Myo-inositol 1,3,4,5-tetrakisphosphate can independently mobilise intracellular calcium, via the inositol 1,4,5-trisphosphate receptor: studies with myo-inositol 1,4,5-trisphosphate-3-phosphorothioate and myo-inositol hexakisphosphate

Myo-inositol 1,3,4,5-tetrakisphosphate [Ins(1,3,4,5)P₄] acts as a full agonist for Ca²⁺ release in saponin-permeabilised SH-SY5Y neuroblastoma cells. Studies were conducted in the presence of myo-inositol hexakisphosphate (InsP₆, 10 μM), to inhibit the Ins(1,3,4,5)P₄-3-phosphatase catalysed back conversion of Ins(1,3,4,5)P₄ to Ins(1,4,5)P₃. HPLC analysis confirmed that Ins(1,3,4,5)P₄ releases the entire content of Ins(1,4,5)P₃-sensitive intracellular Ca²⁺ stores, independent of 3-phosphatase activity.

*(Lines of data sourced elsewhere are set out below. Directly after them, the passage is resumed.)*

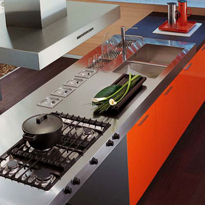 (二)不銹鋼臺(tái)面:不銹鋼是用于家庭廚柜及廚房工作臺(tái)的傳統(tǒng)原材料,不銹鋼材質(zhì)堅(jiān)固、易于清洗,實(shí)用性較好。5年前曾占有市場(chǎng)份額的主導(dǎo)地位,但其視覺較“硬”,給人 “冷冰冰”的感覺,且不易變化。在廚柜臺(tái)面的各轉(zhuǎn)角部位和各結(jié)合部缺乏合理的、有效的處理手段,不太適應(yīng)民用廚房管道交叉等特殊性。近幾年來,由于“歐美一體化”現(xiàn)代廚柜新概念的強(qiáng)烈沖擊,不銹鋼臺(tái)面不順應(yīng)廚柜美觀實(shí)用相結(jié)合的發(fā)展趨勢(shì),市場(chǎng)供求趨勢(shì)顯而易見。對(duì)于偏重于“實(shí)用”考慮的消費(fèi)者,選購不銹鋼臺(tái)面也未嘗不可,但是,最佳選擇是 “美觀實(shí)用相結(jié)合”的產(chǎn)品。
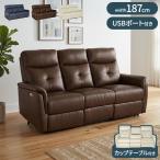 電動リクライニングソファ 開梱設置無料 3人掛け 本革 レザー 幅187cm USBポート付き カップテーブル付き 左右独立 三人掛け ソファー 電動ソファ 代引不可
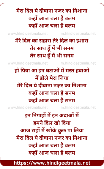 Lyrics of Mera Dil Ye Deewana - मेरा दिल ये दीवाना
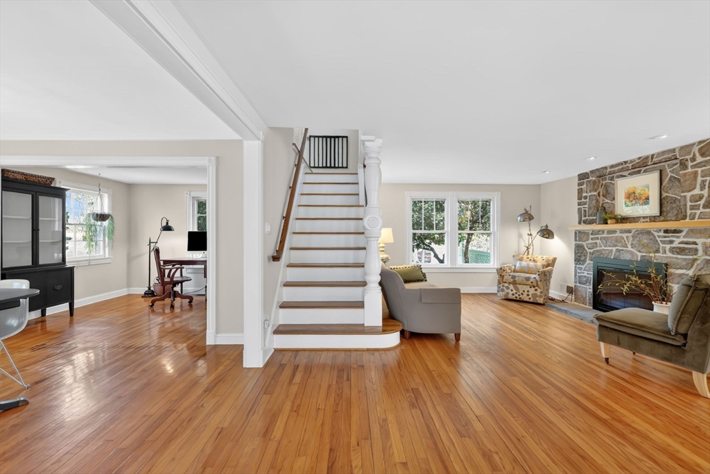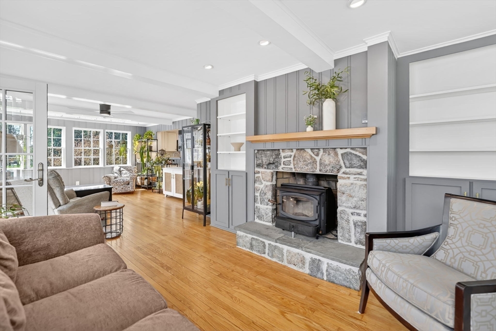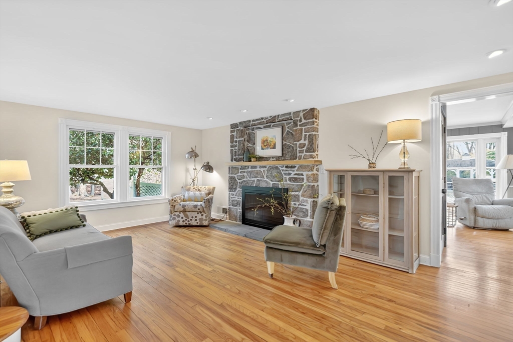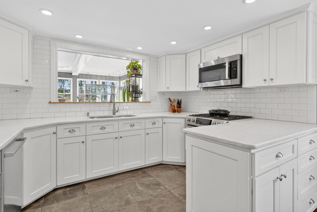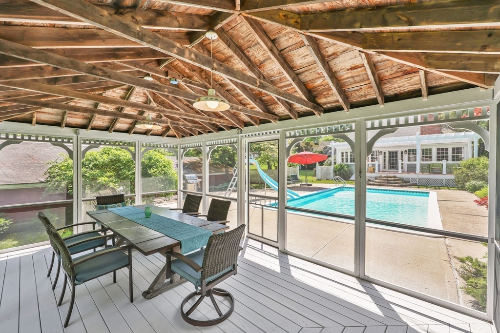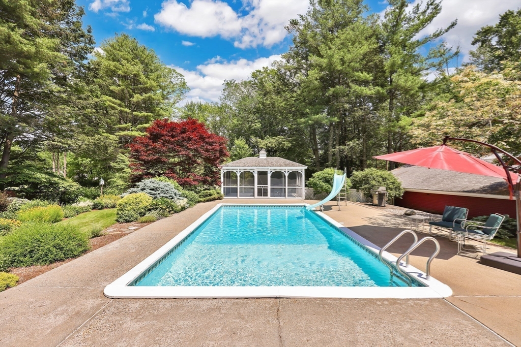 Transcend into Tranquility – A Storybook Cape w/ Modern Elegance. Nestled amidst a beautiful manicured lawn & lush gardens, this home invites you to relax & unwind in all of its nooks. Entertain on the Trex deck beneath the graceful pergola, read a book on the stone patio, picnic in the enclosed gazebo, sunbathe by the in inground pool, feed the fish by the koi pond, work in the OUTBUILDING/WORKSHOP, or craft in the art shed. Inside, the heart of the home shines: an exquisite remodeled kitchen boasting radiant heated flrs, crisp white cabinetry, stainless steel appliances, pantry & a dining area perfect for everyday living. Tasteful updates & timeless character flow throughout. Enjoy a flexible flr plan w/ dining rm, options for a study, playroom, or bonus space, reno'd full bath, a family rm, plus a sun drenched living rm that overlooks your private outdoor retreat. 2nd flr features 2 spare bedrooms along w/ a large primary & spa-like bathroom w/ jacuzzi tub. Your sanctuary awaits!

Further we utilised racemic myo-inositol 1,4,5-trisphosphate-3-phosphorothioate [dl-Ins(1,3,4,5)P₄-3S], a novel intrinsically Ins(1,3,4,5)P₄-3-phosphatase resistant Ins(1,3,4,5)P₄ analogue. DL-Ins(1,3,4,5)P₄-3S specifically displaced [³H]Ins(1,4,5)P₃ from bovine adrenal cortex Ins(1,4,5)P₃ binding sites (IC₅₀ = 889 nM, compared to Ins(1,4,5)P₃,1C₅₀ = 4.4 nM and Ins(1,3,4,5)P₄, IC₅₀ = 152 nM). dl-Ins(1,3,4,5)P₄-3S was a full agonist for Ca²⁺ release (EC₅₀ = 4.7 μM), being 90- and 2-fold less potent than Ins(1,4,5)P₃ and Ins(1,3,4,5)P₄ (with InsP₆), respectively. dl-Ins(1,3,4,5)P₄-3S will be an important tool for identification of potentially exclusive Ins(1,3,4,5)P₄ second messenger functions, since its resistance to 3-phosphatase action precludes the inconvenient artefact of steady state Ins(1,4,5)P₃ generation.